— Надо было туда упасть и прикинуться… — начала девушка.

— Всё уже, поздняк метаться, препод ушёл, — буркнул я, отступая подальше в полутьму, чтобы нас было не видно. Кинжалу явно не нравилось соседство с подобранным мной украшением — жар и красные блики разбегались от него во все стороны. Хорошо, что я его пиджаком успел прикрыть… Но и диадема в моих руках тоже вела себя странно, матервестер! Рассиялась за компанию, но синим, стала обжигать ладонь, а ещё… звенеть на грани звука! От последнего у меня вдруг резко расплылось всё перед глазами, и я пошатнулся. Таня среагировала моментально: рывком выдернула синеющий обруч из моей ладони, чуть слышно зашипела и ругнулась. На её пальцах тоже выступила кровь — один из центральных зубцов острым кончиком проколол кожу.

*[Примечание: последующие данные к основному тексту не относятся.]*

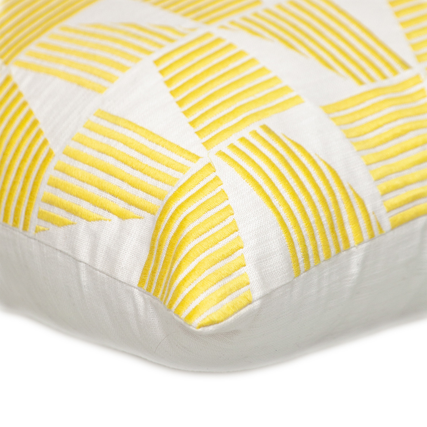 Unique and decorative, this comfortable 18-inch yellow and white geometric cotton throw pillow with embroidery will leave a lasting impression. This yellow and white hued piece represents quality construction, expertly made from durable cotton that is not only long lasting but soft to the touch as well. Super soft and built to hold its shape, this polyfill pillow is a great option. For anyone that loves to decorate or accent their space with color and texture. A great decorative accessory for your favorite chair, to accent your sofa, or to use as part of your bed ensemble. 18-inch H x 18-inch W x 7-inch D

Её кровь впиталась ещё быстрее, и… артефакт погас. А звон прекратился.

В голове прояснилось, я проморгался и перевёл взгляд на гору драгоценностей за спиной девушки. Теперь я тоже видел, что они не просто переливаются, а жадным многоголовым драконом рыщут по пещере в поисках еды… магии. Крупица которой вновь появилась во мне. Уф-ф-ф! Ну, носки самому стирать уже не придётся…

Татьяна:

«Да что ж тут за гадость такая навалена: что ни цацка, то кровопийца! Сначала ножик этот краснорожий, теперь корона какая-то колючая. И что за привычка у Ромки всякую дрянь сразу голыми руками хватать?» — все эти мысли пронеслись табуном, пока я выхватывала у магёныша очередную опасную пакость.

Опять порезалась, да что ж такое! Вот ещё этого… Ух ты! А красивая диадема. И опасностью от неё не пахнет. От всей остальной кучи так и продолжает вонять, а это… эта… Внешне она напоминает разомкнутый обруч из старого, чернёного серебра, довольно просто украшенный. Ни камушков, ни блёсток. Поверх обруча переплетаются длинные и узкие, как у ивы, острые рифлёные листочки, образуя корону с пятью зубчиками надо лбом.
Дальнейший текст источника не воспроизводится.